Review: Wishful Drinking is an interesting portrait of a dysfunctional childhood - actually, of a dysfunctional life. It's pretty short and can be read in one sitting. After Carrie Fisher's passing, I put The Princess Diarist on my list of books to read, but somehow I decided to read Wishful Drinking first instead. I grew up fascinated with the first three Star Wars movies, so it was fair to be even a bit curious about her life.

As a mother, though, this book made me sad, because if it is accurate (and we have no reason to doubt it), then there were too many wrong choices to count. I'm not sure if everything bad that happens during childhood should serve as an excuse for making the same mistakes over and over when you are an adult, but it certainly shapes you in some way (in this case, the wrong way) - but then, I wasn't in Carrie's shoes, so I'll reserve judgment.

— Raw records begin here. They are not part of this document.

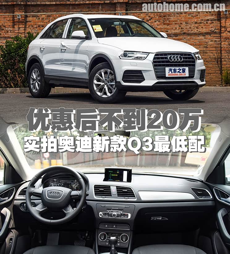 新车图解 2016年北京车展上奥迪新款Q3正式上市,这是Q3上市以后的首次中期改款,主要在车头和尾灯做了细微调整。新车上市以后,配置最低的入门车型的售价由之前的24.98万进一步下探到23.42万元,尽管距离其上市时间还不到两个月,但目前该车在经销商处已经有了一定程度的降价,以上海的行情为例,现在最低配的车型可以有大约4.5万元的降价幅度,也就是说不到20万元就可以购得。
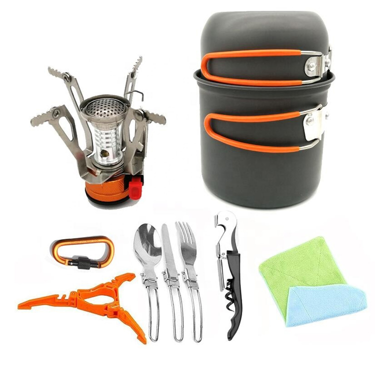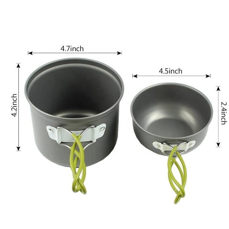 आउटडोअर पोर्टेबल कॅम्पिंग हायकिंग बॅकपॅकिंग कुकवेअर सेट. मैदानी साहसांसाठी तुमचे अंतिम कॉम्पॅक्ट कुकिंग सोल्यूशन. हा हॉट प्रॉडक्ट कुकवेअर सेट 1-2 व्यक्ती कॅम्पिंग आणि हायकिंग ट्रिपसाठी डिझाइन केला आहे. बॅकपॅकिंग आणि आपत्कालीन तयारीसाठी योग्य, हे जास्तीत जास्त पोर्टेबिलिटीसह आवश्यक स्वयंपाक साधने एकत्र करते.
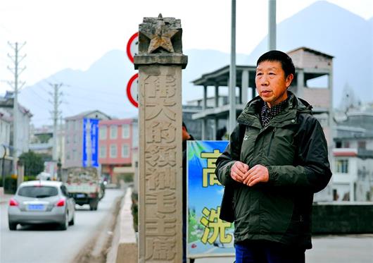图为:3月10日,何圣明前往建始县长梁乡,帮助乡亲们选购完枇杷苗后,在路边等车。

I liked the sarcastic tone of the book, as if she knows exactly what is wrong with her and is still comfortable bringing it up in public and making fun of it. I guess it takes courage to do so, and I admire her for it. I would have preferred a more mild and toned down language (there are too many necessary f-words around) and in places the book sounds more like gossip than an actual biography, especially when she's throwing around tidbits of other people's lives that probably were better kept unmentioned. 

I recommend this book to anyone who is looking for a sobering portrait of what happens behind all that Hollywood magic and glamour. Actors and actresses are not those perfect people living perfect lives that show up on your screen everyday. Not only are they human, but money and fame don't always go hand to hand with happiness. Or a healthy lifestyle, for that matter.